Up until spring 2016, the class was focused on everyone working in one research area, Kirkpatrick said. Now, the class is divided into five different sections in which students can explore whatever research area interests them most. The class doesn’t have a set time, so students can go anytime during the lab’s hours. 

The total project cost $9.9 million, and construction went on for almost a year.

The building, which is over 50 years old, also received third floor renovations for the lab, a student commons area, fourth floor renovations for additional labs, new bathrooms and a new air handling unit. The new lab includes basic supplies to get students started, mobile stations, wheelchair accessible lab spaces, new windows and an overflow room where students can shut the door to regulate light more easily, saidChristina Kramer, CBS facilities manager.

Before this lab existed, students would often use empty classrooms or any available space to work, said John Ward, professor and CBS associate dean for undergraduate education.

“By having an appropriate space, the students have a place where they can work as a group that’s not a laboratory bench,” he said. “You really need a clean area where you can sit comfortably so you can talk to others in your group.”

Vice Provost and Dean for the Office of Undergraduate Education Bob McMaster spoke at the ceremony about CBS being able to stand out with its new lab compared to research environments at other institutions. 

“I started as a biology major many, many, years ago,” he said. “Maybe if I’d had a laboratory like this first semester, I wouldn’t have poured down the drain my chemistry experiment by accident,” he said. 

Twenty-three teaching assistants will switch off monitoring the lab seven days a week, Kirkpatrick said. All of them had BIOL 3004 in the old research space. 

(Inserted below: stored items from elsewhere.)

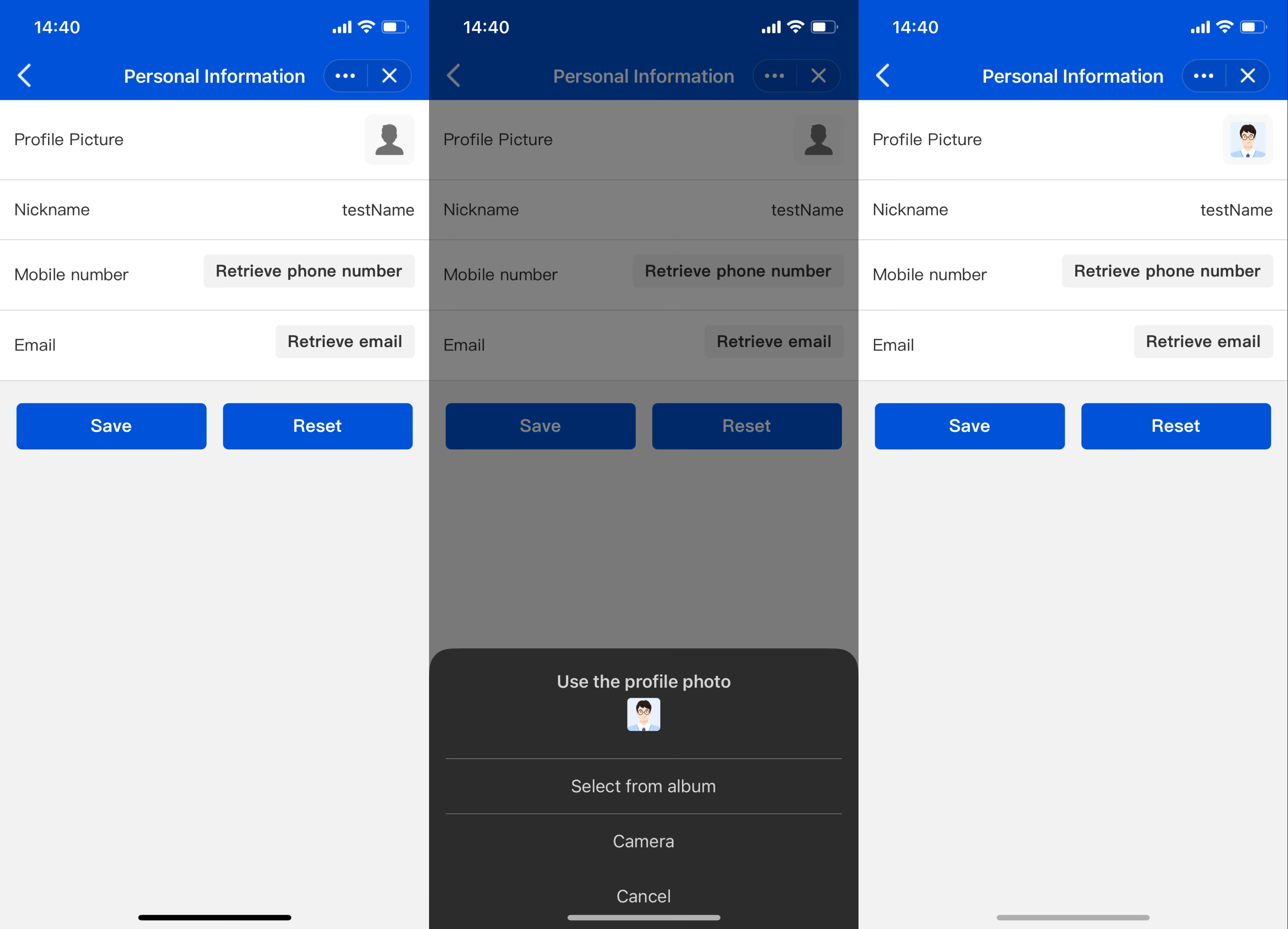 Select a profile photo: Set the value of open-type in the button component to chooseAvatar. After the user selects the desired profile photo, the temporary path of profile photo information can be obtained through the callback of the bindchooseavatar event. Enter the nickname: Set the value of type in the input component to nickname. When users type in the input field, the host app's nickname will appear above the keyboard. By tapping the nickname, it will automatically fill the input field. The latest value can be obtained through the bindchange event bindchange event of the input. Note:
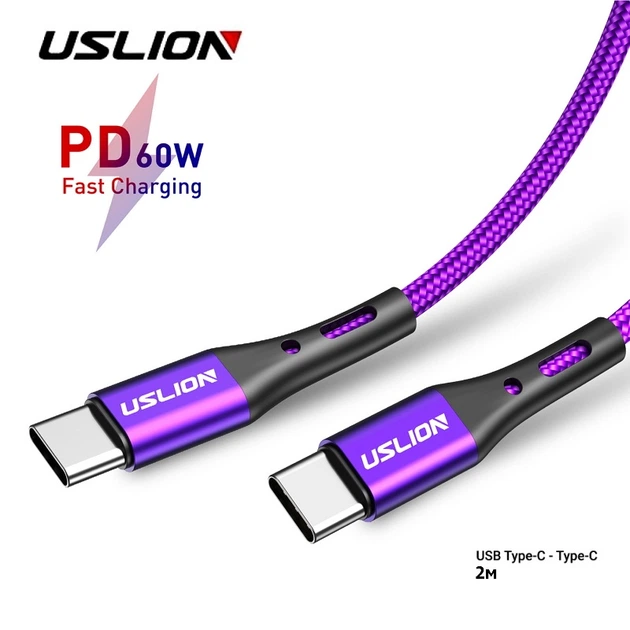 Кабель USB Type-C - USB Type-C (2m) 60W PD Fast Charging дата-провід швидкого заряджання даних для телефону смартфона USLION
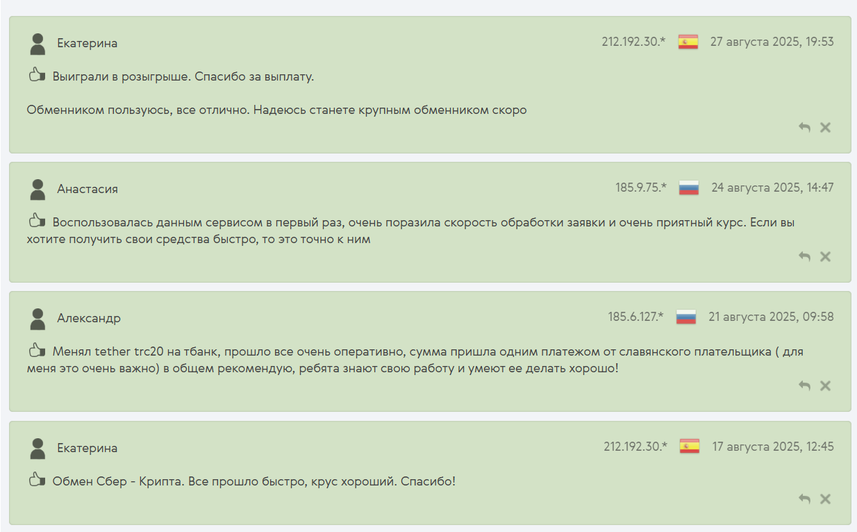 О криптообменнике Cooperation отзывы в сети только положительные. Все пользователи остались довольны качеством оказанной услуги. Трейдеры пишут, что обмены проводятся быстро и без каких-либо проблем. Сотрудники поддержки и сервиса в целом доброжелательны и не отказывают в помощи.
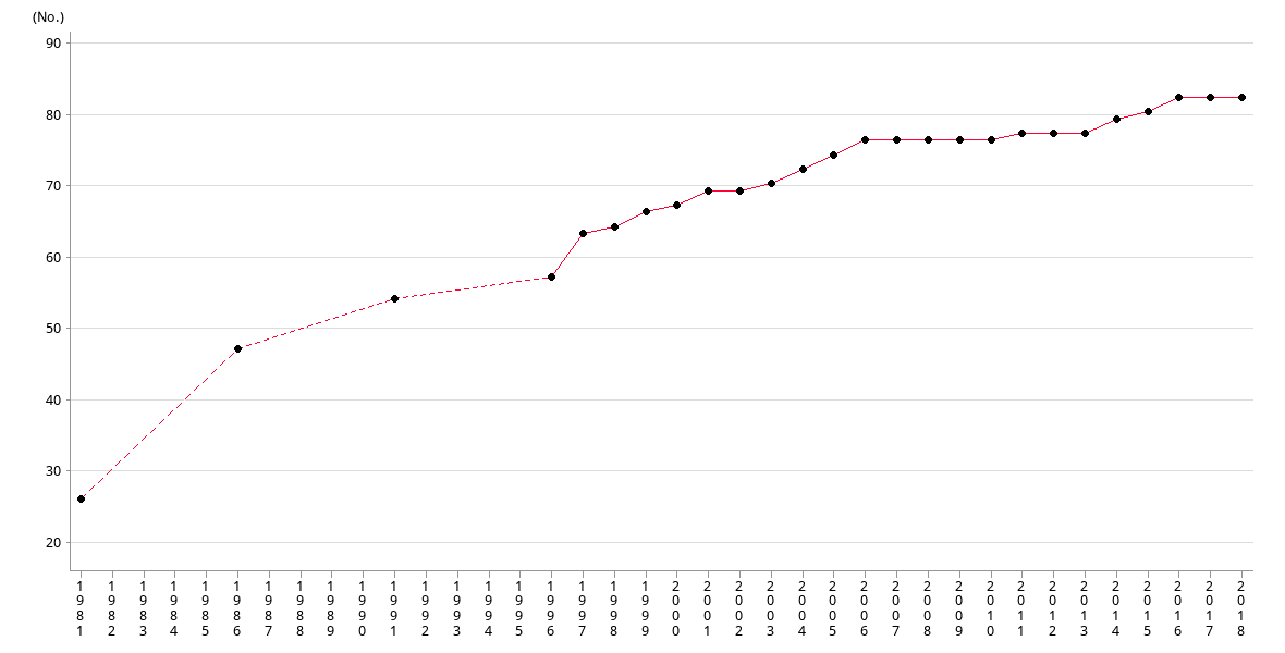 | 數目 | 76 | 76 | 77 | 77 | 77 | 79 | 80 | 82 |
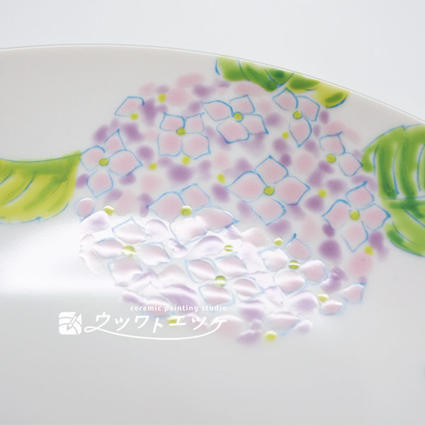 TOP > 講座・テキスト/講座のご案内 > はじめてでもOKの講座 > ~ペンワークと盛り絵具を学ぶ~ 器を選んで描くアジサイ
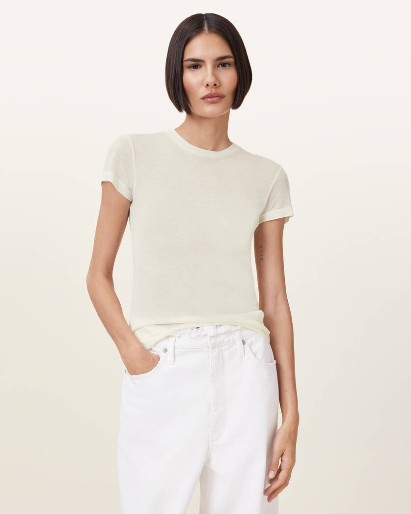 טי שירט קצרה שקפקפה לנשים מבית המותג אולסיינטס. בגזרה צמודה, אך נושמת. עם מפתח עגול ושרוולים קצרים.

A former TA for the class, Megan Bird, said she likes the collaborative opportunities the lab will offer. 

“The old space was a lot more cramped and there wasn’t nearly enough organizational space,” she said. “It was actually three lab rooms connected by doorways, so every type of experiment had its own room. You didn’t really get to know people from other experiments.”

Taren Stanley, another TA, agreed. The open layout makes communication easier, especially between TAs and students when they ask for help on their research, he said.

“I thought it’d be fun to help out people who are trying to go through that,” Stanley said.